- [Requirement]:
Please reproduce every entry below without omitting a single line.

- [Material supplied]:
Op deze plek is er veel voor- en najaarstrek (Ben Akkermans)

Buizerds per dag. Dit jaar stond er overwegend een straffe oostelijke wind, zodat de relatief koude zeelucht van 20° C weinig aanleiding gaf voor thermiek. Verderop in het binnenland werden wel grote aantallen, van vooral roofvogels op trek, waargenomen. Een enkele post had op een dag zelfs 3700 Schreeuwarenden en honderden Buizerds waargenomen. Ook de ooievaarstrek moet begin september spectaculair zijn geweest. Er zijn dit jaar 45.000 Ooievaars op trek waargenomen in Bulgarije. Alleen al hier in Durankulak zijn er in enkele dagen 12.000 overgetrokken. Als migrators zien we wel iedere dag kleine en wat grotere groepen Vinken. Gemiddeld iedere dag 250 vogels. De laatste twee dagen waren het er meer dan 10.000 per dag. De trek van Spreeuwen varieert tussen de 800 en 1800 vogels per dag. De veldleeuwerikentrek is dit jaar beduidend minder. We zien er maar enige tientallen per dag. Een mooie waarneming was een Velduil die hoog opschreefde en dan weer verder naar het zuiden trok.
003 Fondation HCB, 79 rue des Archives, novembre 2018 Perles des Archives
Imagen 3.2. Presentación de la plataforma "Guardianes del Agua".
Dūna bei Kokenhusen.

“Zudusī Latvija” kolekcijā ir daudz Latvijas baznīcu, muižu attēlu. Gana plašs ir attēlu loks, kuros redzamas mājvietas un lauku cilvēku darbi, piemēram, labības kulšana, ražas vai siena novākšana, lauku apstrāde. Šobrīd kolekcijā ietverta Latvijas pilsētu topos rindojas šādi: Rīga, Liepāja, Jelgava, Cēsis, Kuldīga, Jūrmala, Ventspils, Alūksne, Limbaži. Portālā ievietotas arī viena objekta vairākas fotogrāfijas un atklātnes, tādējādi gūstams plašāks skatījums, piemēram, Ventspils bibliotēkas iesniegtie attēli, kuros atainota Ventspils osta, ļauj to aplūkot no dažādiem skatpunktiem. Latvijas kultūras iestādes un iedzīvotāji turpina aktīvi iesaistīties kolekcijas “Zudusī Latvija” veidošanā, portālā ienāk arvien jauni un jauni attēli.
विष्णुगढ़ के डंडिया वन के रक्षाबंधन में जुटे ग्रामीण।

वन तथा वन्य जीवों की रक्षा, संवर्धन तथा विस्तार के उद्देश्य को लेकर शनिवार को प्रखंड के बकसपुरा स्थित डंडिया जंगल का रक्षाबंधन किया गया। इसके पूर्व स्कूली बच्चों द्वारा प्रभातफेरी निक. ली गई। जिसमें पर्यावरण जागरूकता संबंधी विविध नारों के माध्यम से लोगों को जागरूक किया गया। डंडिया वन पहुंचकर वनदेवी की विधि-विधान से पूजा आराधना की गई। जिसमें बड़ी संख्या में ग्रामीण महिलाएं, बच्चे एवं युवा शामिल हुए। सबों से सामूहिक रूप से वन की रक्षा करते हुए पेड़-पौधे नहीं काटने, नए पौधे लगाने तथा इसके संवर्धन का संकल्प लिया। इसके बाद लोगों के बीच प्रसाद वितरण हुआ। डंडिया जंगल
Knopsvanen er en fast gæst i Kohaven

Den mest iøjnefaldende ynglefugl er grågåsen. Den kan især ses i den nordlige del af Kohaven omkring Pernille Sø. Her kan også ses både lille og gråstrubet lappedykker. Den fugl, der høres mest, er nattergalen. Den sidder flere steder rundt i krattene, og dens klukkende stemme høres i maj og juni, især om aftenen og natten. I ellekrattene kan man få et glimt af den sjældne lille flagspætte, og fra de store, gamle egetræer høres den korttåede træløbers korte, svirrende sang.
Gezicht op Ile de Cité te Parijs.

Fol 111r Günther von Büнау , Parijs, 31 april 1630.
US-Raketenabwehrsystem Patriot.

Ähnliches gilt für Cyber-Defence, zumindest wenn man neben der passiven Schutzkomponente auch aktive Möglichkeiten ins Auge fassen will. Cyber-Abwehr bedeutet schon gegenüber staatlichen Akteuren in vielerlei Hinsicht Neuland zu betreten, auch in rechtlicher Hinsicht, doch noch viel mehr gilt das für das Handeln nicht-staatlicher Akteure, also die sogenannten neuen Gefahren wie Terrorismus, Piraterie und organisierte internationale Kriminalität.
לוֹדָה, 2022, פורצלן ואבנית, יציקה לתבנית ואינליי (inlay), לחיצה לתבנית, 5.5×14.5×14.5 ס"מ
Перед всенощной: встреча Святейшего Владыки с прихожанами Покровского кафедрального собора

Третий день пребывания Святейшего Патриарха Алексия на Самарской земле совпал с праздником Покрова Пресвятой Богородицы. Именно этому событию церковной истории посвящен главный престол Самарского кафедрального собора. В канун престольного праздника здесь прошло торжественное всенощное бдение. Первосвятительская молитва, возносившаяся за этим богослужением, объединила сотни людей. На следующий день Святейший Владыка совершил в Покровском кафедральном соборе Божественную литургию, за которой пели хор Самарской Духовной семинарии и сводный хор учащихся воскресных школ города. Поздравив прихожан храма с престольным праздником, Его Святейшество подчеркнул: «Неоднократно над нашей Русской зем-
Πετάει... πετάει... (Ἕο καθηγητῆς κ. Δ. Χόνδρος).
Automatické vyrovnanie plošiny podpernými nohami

- [Finished task]:
Op deze plek is er veel voor- en najaarstrek (Ben Akkermans)

Buizerds per dag. Dit jaar stond er overwegend een straffe oostelijke wind, zodat de relatief koude zeelucht van 20° C weinig aanleiding gaf voor thermiek. Verderop in het binnenland werden wel grote aantallen, van vooral roofvogels op trek, waargenomen. Een enkele post had op een dag zelfs 3700 Schreeuwarenden en honderden Buizerds waargenomen. Ook de ooievaarstrek moet begin september spectaculair zijn geweest. Er zijn dit jaar 45.000 Ooievaars op trek waargenomen in Bulgarije. Alleen al hier in Durankulak zijn er in enkele dagen 12.000 overgetrokken. Als migrators zien we wel iedere dag kleine en wat grotere groepen Vinken. Gemiddeld iedere dag 250 vogels. De laatste twee dagen waren het er meer dan 10.000 per dag. De trek van Spreeuwen varieert tussen de 800 en 1800 vogels per dag. De veldleeuwerikentrek is dit jaar beduidend minder. We zien er maar enige tientallen per dag. Een mooie waarneming was een Velduil die hoog opschreefde en dan weer verder naar het zuiden trok.
003 Fondation HCB, 79 rue des Archives, novembre 2018 Perles des Archives
Imagen 3.2. Presentación de la plataforma "Guardianes del Agua".
Dūna bei Kokenhusen.

“Zudusī Latvija” kolekcijā ir daudz Latvijas baznīcu, muižu attēlu. Gana plašs ir attēlu loks, kuros redzamas mājvietas un lauku cilvēku darbi, piemēram, labības kulšana, ražas vai siena novākšana, lauku apstrāde. Šobrīd kolekcijā ietverta Latvijas pilsētu topos rindojas šādi: Rīga, Liepāja, Jelgava, Cēsis, Kuldīga, Jūrmala, Ventspils, Alūksne, Limbaži. Portālā ievietotas arī viena objekta vairākas fotogrāfijas un atklātnes, tādējādi gūstams plašāks skatījums, piemēram, Ventspils bibliotēkas iesniegtie attēli, kuros atainota Ventspils osta, ļauj to aplūkot no dažādiem skatpunktiem. Latvijas kultūras iestādes un iedzīvotāji turpina aktīvi iesaistīties kolekcijas “Zudusī Latvija” veidošanā, portālā ienāk arvien jauni un jauni attēli.
विष्णुगढ़ के डंडिया वन के रक्षाबंधन में जुटे ग्रामीण।

वन तथा वन्य जीवों की रक्षा, संवर्धन तथा विस्तार के उद्देश्य को लेकर शनिवार को प्रखंड के बकसपुरा स्थित डंडिया जंगल का रक्षाबंधन किया गया। इसके पूर्व स्कूली बच्चों द्वारा प्रभातफेरी निक. ली गई। जिसमें पर्यावरण जागरूकता संबंधी विविध नारों के माध्यम से लोगों को जागरूक किया गया। डंडिया वन पहुंचकर वनदेवी की विधि-विधान से पूजा आराधना की गई। जिसमें बड़ी संख्या में ग्रामीण महिलाएं, बच्चे एवं युवा शामिल हुए। सबों से सामूहिक रूप से वन की रक्षा करते हुए पेड़-पौधे नहीं काटने, नए पौधे लगाने तथा इसके संवर्धन का संकल्प लिया। इसके बाद लोगों के बीच प्रसाद वितरण हुआ। डंडिया जंगल
Knopsvanen er en fast gæst i Kohaven

Den mest iøjnefaldende ynglefugl er grågåsen. Den kan især ses i den nordlige del af Kohaven omkring Pernille Sø. Her kan også ses både lille og gråstrubet lappedykker. Den fugl, der høres mest, er nattergalen. Den sidder flere steder rundt i krattene, og dens klukkende stemme høres i maj og juni, især om aftenen og natten. I ellekrattene kan man få et glimt af den sjældne lille flagspætte, og fra de store, gamle egetræer høres den korttåede træløbers korte, svirrende sang.
Gezicht op Ile de Cité te Parijs.

Fol 111r Günther von Büнау , Parijs, 31 april 1630.
US-Raketenabwehrsystem Patriot.

Ähnliches gilt für Cyber-Defence, zumindest wenn man neben der passiven Schutzkomponente auch aktive Möglichkeiten ins Auge fassen will. Cyber-Abwehr bedeutet schon gegenüber staatlichen Akteuren in vielerlei Hinsicht Neuland zu betreten, auch in rechtlicher Hinsicht, doch noch viel mehr gilt das für das Handeln nicht-staatlicher Akteure, also die sogenannten neuen Gefahren wie Terrorismus, Piraterie und organisierte internationale Kriminalität.
לוֹדָה, 2022, פורצלן ואבנית, יציקה לתבנית ואינליי (inlay), לחיצה לתבנית, 5.5×14.5×14.5 ס"מ
Перед всенощной: встреча Святейшего Владыки с прихожанами Покровского кафедрального собора

Третий день пребывания Святейшего Патриарха Алексия на Самарской земле совпал с праздником Покрова Пресвятой Богородицы. Именно этому событию церковной истории посвящен главный престол Самарского кафедрального собора. В канун престольного праздника здесь прошло торжественное всенощное бдение. Первосвятительская молитва, возносившаяся за этим богослужением, объединила сотни людей. На следующий день Святейший Владыка совершил в Покровском кафедральном соборе Божественную литургию, за которой пели хор Самарской Духовной семинарии и сводный хор учащихся воскресных школ города. Поздравив прихожан храма с престольным праздником, Его Святейшество подчеркнул: «Неоднократно над нашей Русской зем-
Πετάει... πετάει... (Ἕο καθηγητῆς κ. Δ. Χόνδρος).
Automatické vyrovnanie plošiny podpernými nohami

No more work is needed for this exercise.